### TO DO
With pictures left out, output exactly the lines of the listing below from the line that has "Sapatilhas retro. Sneakers" to the line that has "新品(タイムセール)ワイドパンツ レディース リネン風", both lines kept.

### DATA
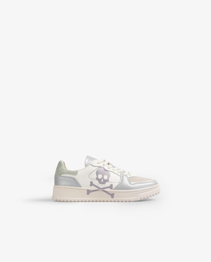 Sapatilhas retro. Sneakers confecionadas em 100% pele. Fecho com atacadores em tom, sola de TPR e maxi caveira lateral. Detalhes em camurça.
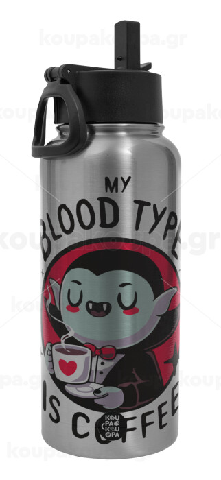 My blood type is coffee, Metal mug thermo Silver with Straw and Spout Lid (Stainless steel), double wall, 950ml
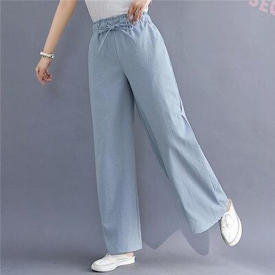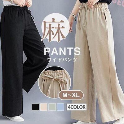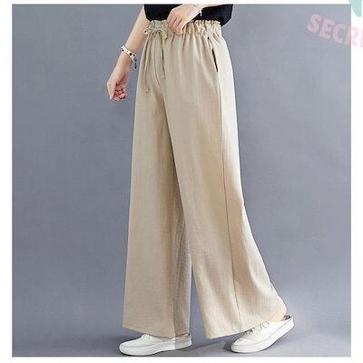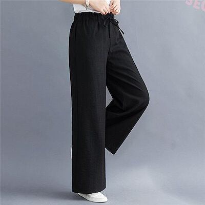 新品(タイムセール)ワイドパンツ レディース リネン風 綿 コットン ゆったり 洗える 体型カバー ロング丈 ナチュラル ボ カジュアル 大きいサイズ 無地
==
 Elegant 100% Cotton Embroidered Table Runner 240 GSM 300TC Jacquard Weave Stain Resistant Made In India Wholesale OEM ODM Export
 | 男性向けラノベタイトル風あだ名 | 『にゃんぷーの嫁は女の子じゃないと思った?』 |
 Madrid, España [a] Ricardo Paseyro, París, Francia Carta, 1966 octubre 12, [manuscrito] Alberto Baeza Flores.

### EXERCISE RESPONSE
 Sapatilhas retro. Sneakers confecionadas em 100% pele. Fecho com atacadores em tom, sola de TPR e maxi caveira lateral. Detalhes em camurça.
 My blood type is coffee, Metal mug thermo Silver with Straw and Spout Lid (Stainless steel), double wall, 950ml
 新品(タイムセール)ワイドパンツ レディース リネン風 綿 コットン ゆったり 洗える 体型カバー ロング丈 ナチュラル ボ カジュアル 大きいサイズ 無地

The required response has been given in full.